Masook explains, “At SpaceFields, we train AI models on experimental data from Ballistic Evaluation Motors, strand burn tests, and cold flow testing with Schlieren imaging. We have developed an extensive in-house dataset comprising hundreds of test results, allowing us to fine-tune predictive models for enhanced accuracy in propellant performance characterization, failure detection, and engine optimization.”
A fundamental shift
Kayser describes computational engineering as a fundamental paradigm shift.

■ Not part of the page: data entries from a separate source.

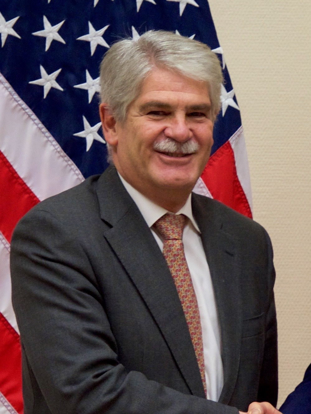 U.S. Secretary of State John Kerry shakes hands with newly appointed Spanish Foreign Minister Alfonso Dastis on December 6, 2016, before a bilateral meeting as they both attend a North Atlantic Treaty Organization Ministerial Session at the alliance's headquarters in Brussels, Belgium. [State Department photo/ Public Domain]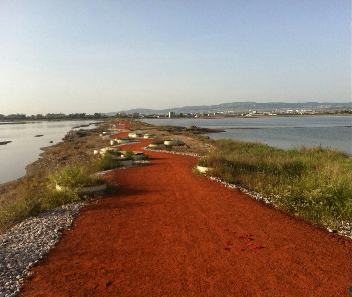 Delta National Park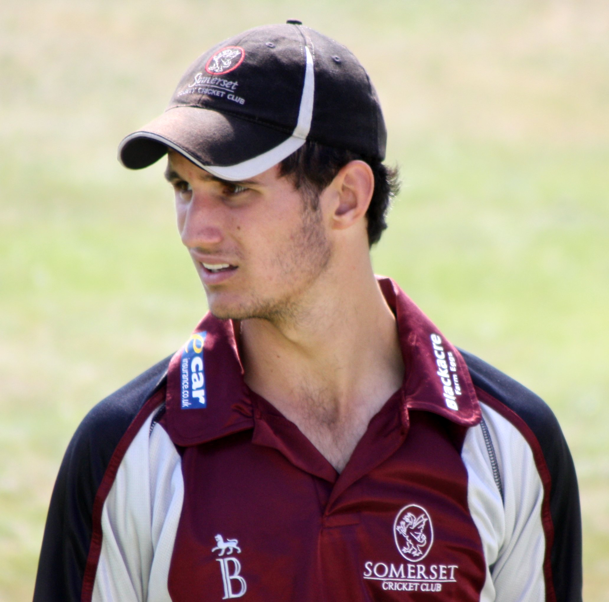 Lewis Gregory in the field for Somerset during a match against the touring Pakistan cricket team at the County Ground, Taunton.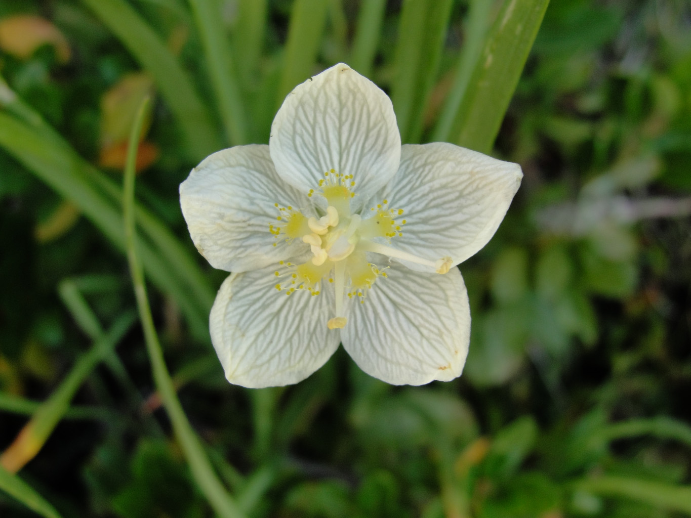 Parnassia californica in the Sierra Nevada, California, USA.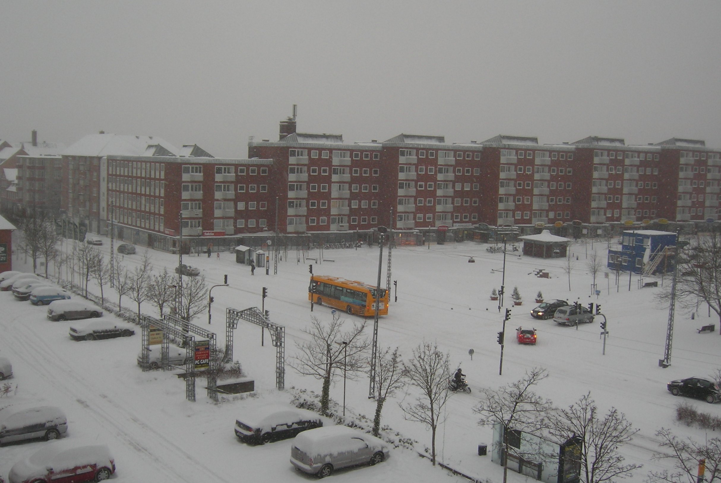 Søborg Torv in the snow

Most engineering projects work using a visual approach, “where their output is a drawing of the thing they envision.” Computational engineering moves this work to a software-driven approach, where you automate repetitive tasks and improve on previously encoded approaches through a collective team effort. This requires a new way of working that will be transformative for anyone who applies it consistently.
As for the prospects of aerospike engines themselves, Mohebian believes they are promising for next-generation propulsion systems. However, they do need to be thoroughly evaluated for safety, reliability, and performance. This will include subsystem testing, ground-based static firings to analyze thrust, cooling, as well as efficiency and
high-altitude test flights using experimental vehicles.
A combination of modern engineering techniques and rigorous real-world validation could enable aerospike engines to enter service as propulsion systems for spaceplanes. They offer valuable advantages for future space exploration and high-speed terrestrial propulsion systems. More than ever before aerospikes have a future – thanks to the advent of AI, machine learning and large computational engineering. But, much also depends on whether these programs can keep their investors happy. Without finance, nothing will fly.